Wenle Zhang

Evaluating order of circuits for deadlock avoidance in a flexible manufacturing system

Circuits and knots in the diagraph model of a manufacturing system are the rudimentary causes of deadlocks - a type of deadlock that is difficult to detect. A new deadlock avoidance algorithm that dynamically evaluates the order of circuits is presented. The algorithm is highly permissive since the order evaluation captures more parts flow dynamics, especially when there exist multiple knots in the diagraph model. It also runs in polynomial time once the set of circuits of the diagraph is given. Simulation results are provided to illustrate the application of the algorithm.

Deadlock avoidance algorithm for flexible manufacturing systems by calculating effective free space of circuits

Modern flexible manufacturing systems (FMS) are highly automated and flexible in which raw parts of various types are processed concurrently. Deadlock issue arises easily in these systems due to shared equipment usage and high production flexibility. This paper presents a deadlock avoidance algorithm for FMS with free choices in part routing by calculation of effective free space of circuits of the digraph model. The algorithm is highly permissive since the effective free space calculation captures more parts flow dynamics, especially when there exist multiple knots in the digraph model. It runs in polynomial time once the set of circuits is computed offline. Simulation results are provided.

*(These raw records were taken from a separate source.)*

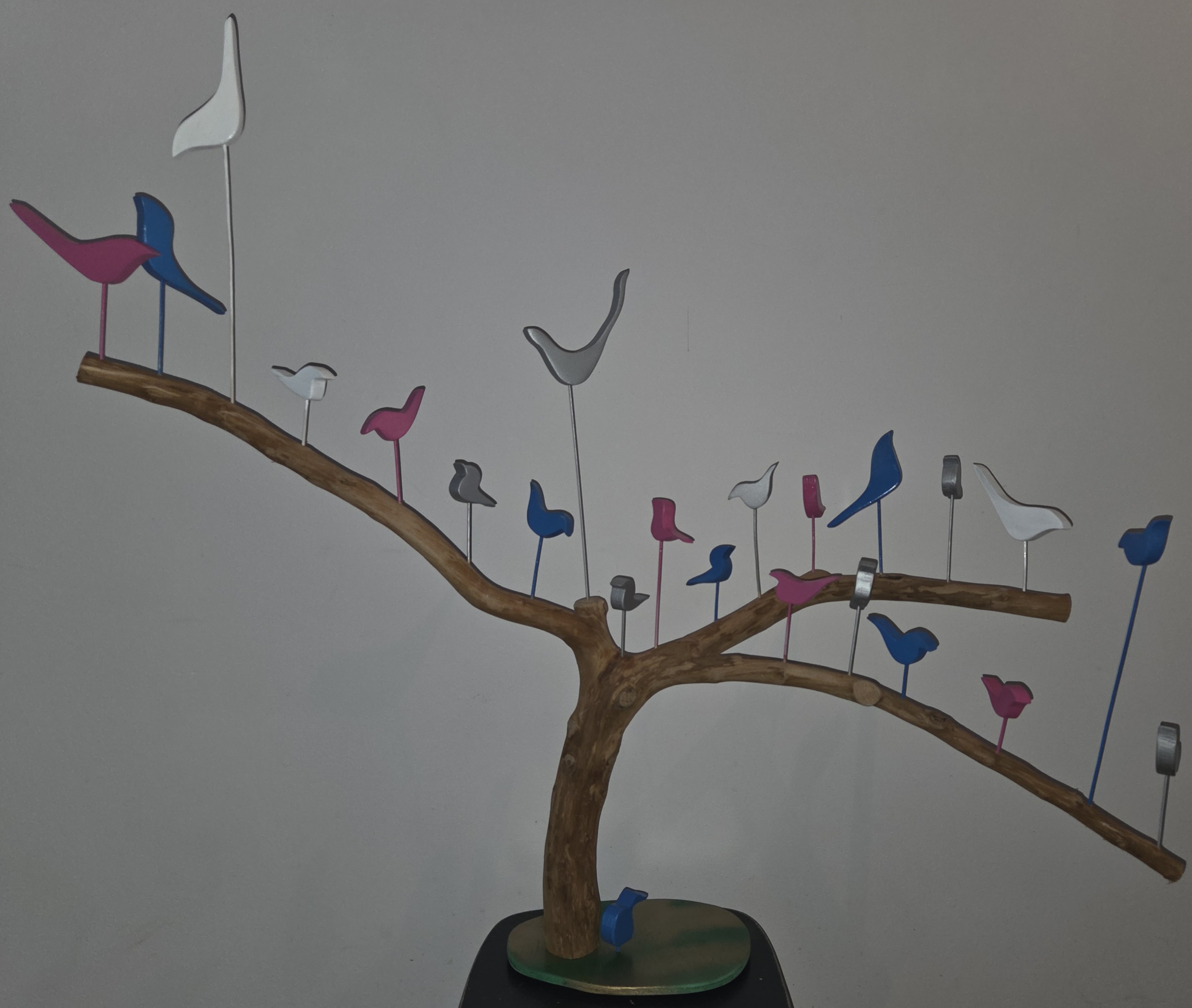 Top van oude appelboom met vogels. Hout, multiplex, saté prikkers en verf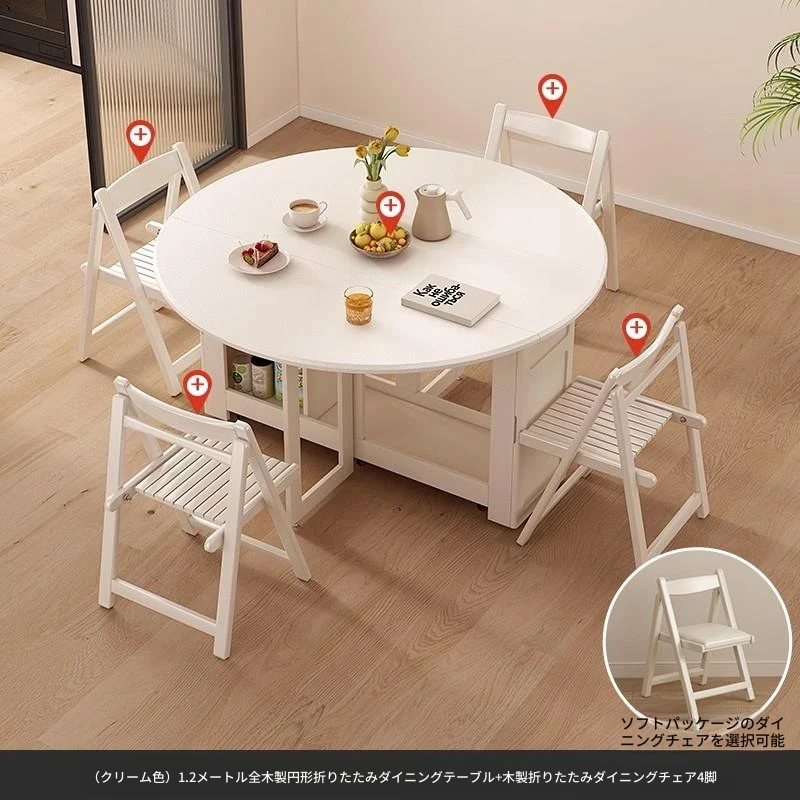 1.2メートル全実木円形折りたたみダイニングテーブル【肌感皮纹クリーム色】+折りたたみ椅子*4
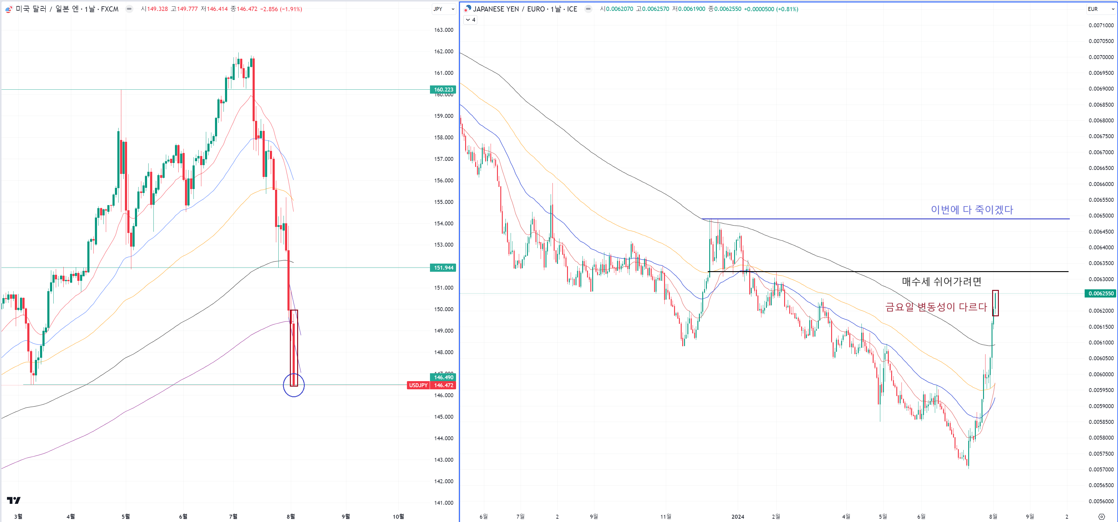 내일 아침부터 엔화 관련 환율 시장에서 갭상승, 하락이 나오는지 체크해야합니다.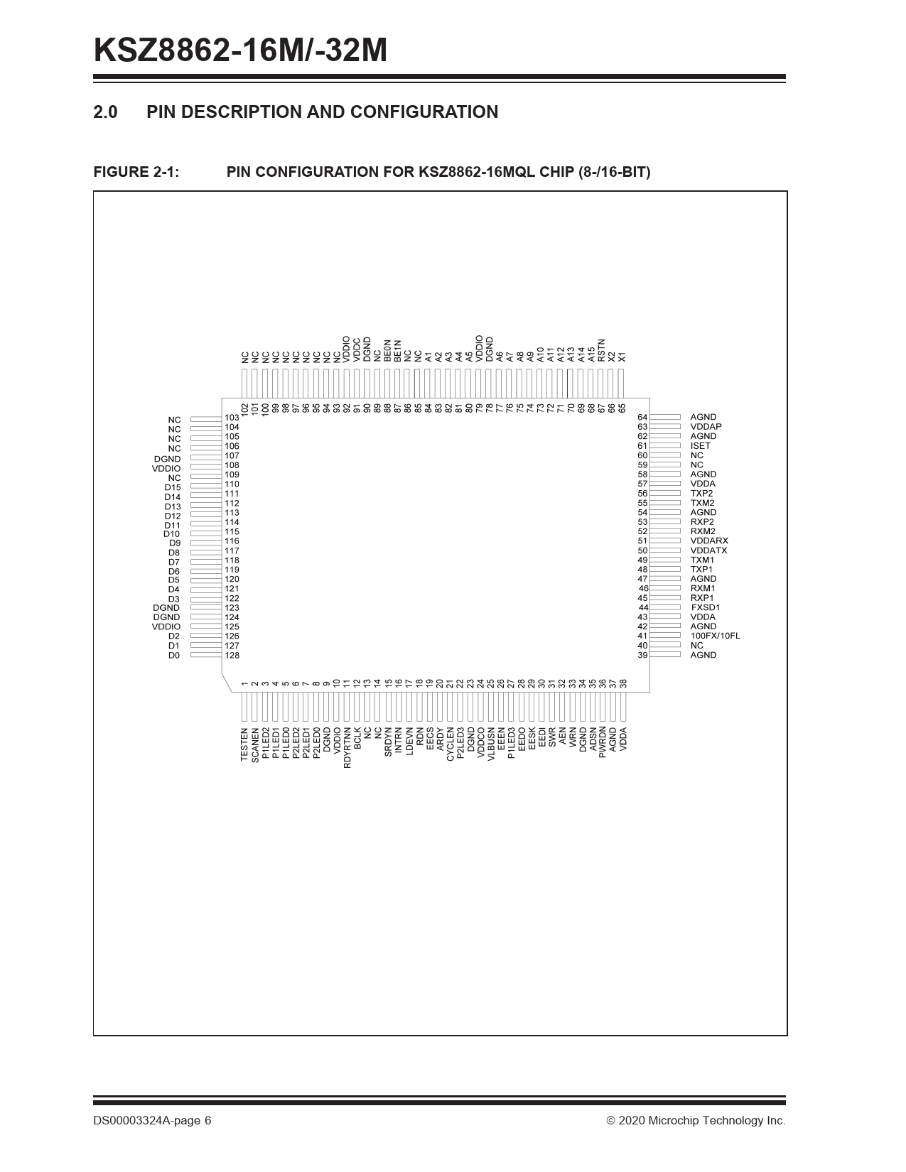 | Pages / Page | 126 / 6 — KSZ8862-16M/-32M. 2.0. PIN DESCRIPTION AND CONFIGURATION. FIGURE 2-1:. … |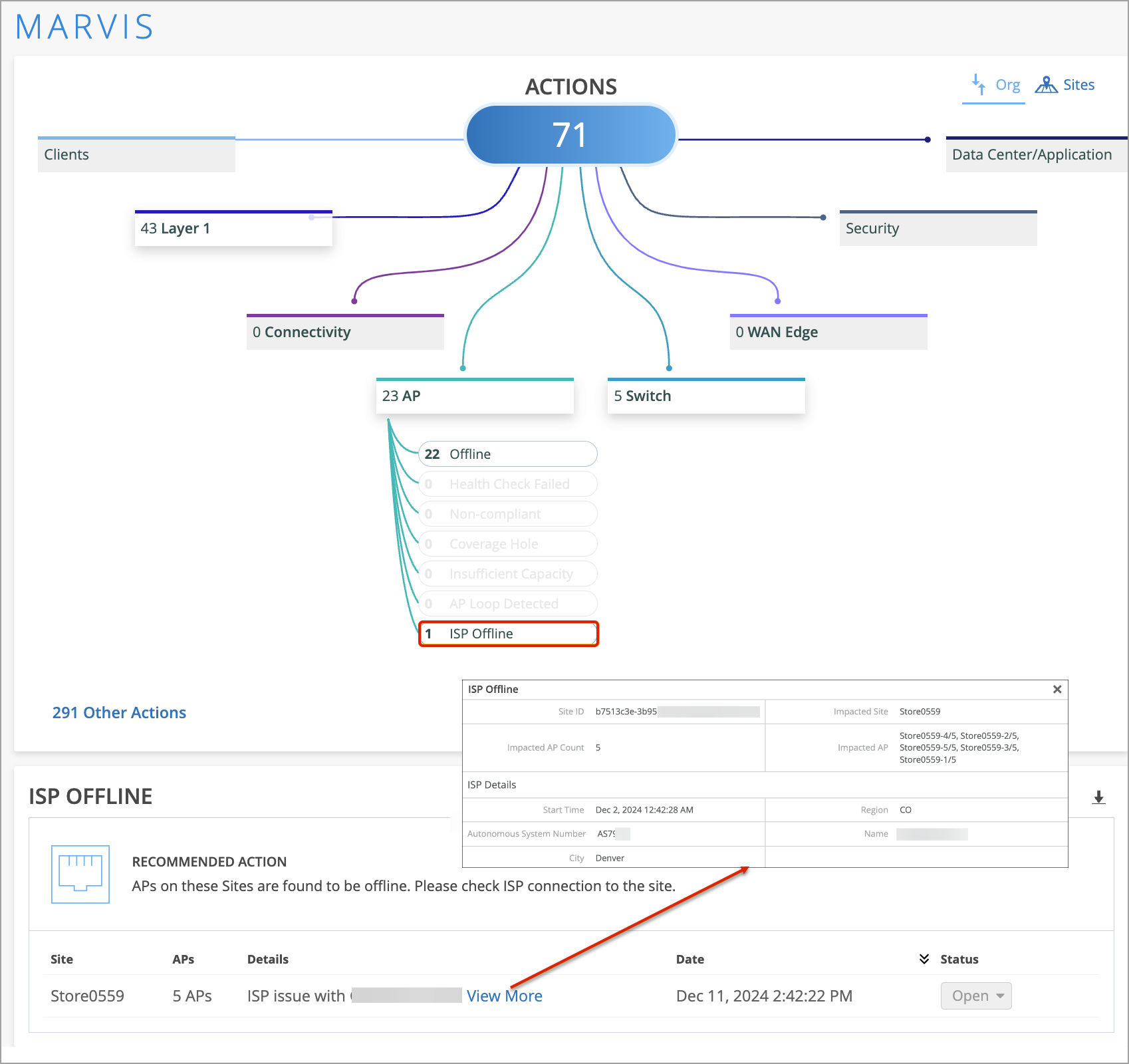 We have added a new Marvis Action, named ISP Offline, to Mist. This action detects access points (APs) that are offline because of ISP-related issues, such as ISP regional outages, routing issues, DNS issues, or issues caused by incorrect network settings. Marvis can determine whether the issue is limited to APs in a specific site or spread across multiple sites. It can also pinpoint the ISPs through which the impacted APs were connected, making the troubleshooting process easier.

Deadlock avoidance in manufacturing systems with non-deterministic part routings

A deadlock avoidance algorithm for flexible manufacturing systems containing both multiple capacity resources and mixed choices in part routing is presented. The method determines whether moving a part to its next step is safe, unsafe, or undetermined. That classification is linear in complexity. Undetermined part movements are further analyzed using another procedure, which attempts to empty the system virtually to determine whether the move is safe or not. It is polynomial in complexity. An example is provided to illustrate how the method can be applied.

A scalable deadlock avoidance algorithm for flexible manufacturing systems with free choice in part routing

A new deadlock avoidance algorithm for flexible manufacturing systems that contain both multiple capacity resources and free choice in part routing is presented. The method determines whether moving a part to its next step is safe, unsafe, or undetermined. This classification is linear in complexity. Part movements that are classified as undetermined are further analyzed using another procedure, which attempts to empty the system to determine whether the move is safe or not. It is polynomial in complexity. By adjusting a simple tuning parameter, the size of the set of possible undetermined classifications returned can be made arbitrarily small at the cost of increasing the order of the algorithm. An example showing the application of the method is provided.

Classification of part movements for deadlock avoidance in manufacturing systems

A method that classifies part movements to avoid deadlock in manufacturing systems which contain single capacity resources is presented. The proposed method determines whether a particular part movement is safe, unsafe, or undetermined. This classification is linear in complexity. Part movements that are classified as undetermined are analyzed using another procedure. This alternative procedure attempts to empty the system to determine whether the move is safe, unsafe, or undetermined. It is polynomial in complexity. By adjusting a simple parameter, the size of the set of possible undetermined classifications returned can be made arbitrarily small by increasing the order of the algorithm. Examples showing the application of the method are provided.

Deadlock avoidance in manufacturing systems with a multiple resource request model

A deadlock avoidance method for flexible manufacturing systems with both free choices and multiple resource requests allowed in part routing is presented. Based on a digraph model of the system, the method classifies whether moving a part to its next step is safe, unsafe, or undetermined. An undetermined part movement is further analyzed using a very efficient system simulation, which attempts to empty the system virtually to determine whether the move is safe. This classification algorithm is shown to be polynomial in complexity. To avoid deadlocks, only safe part movements should be allowed to proceed. An example is provided to illustrate how the method can be applied.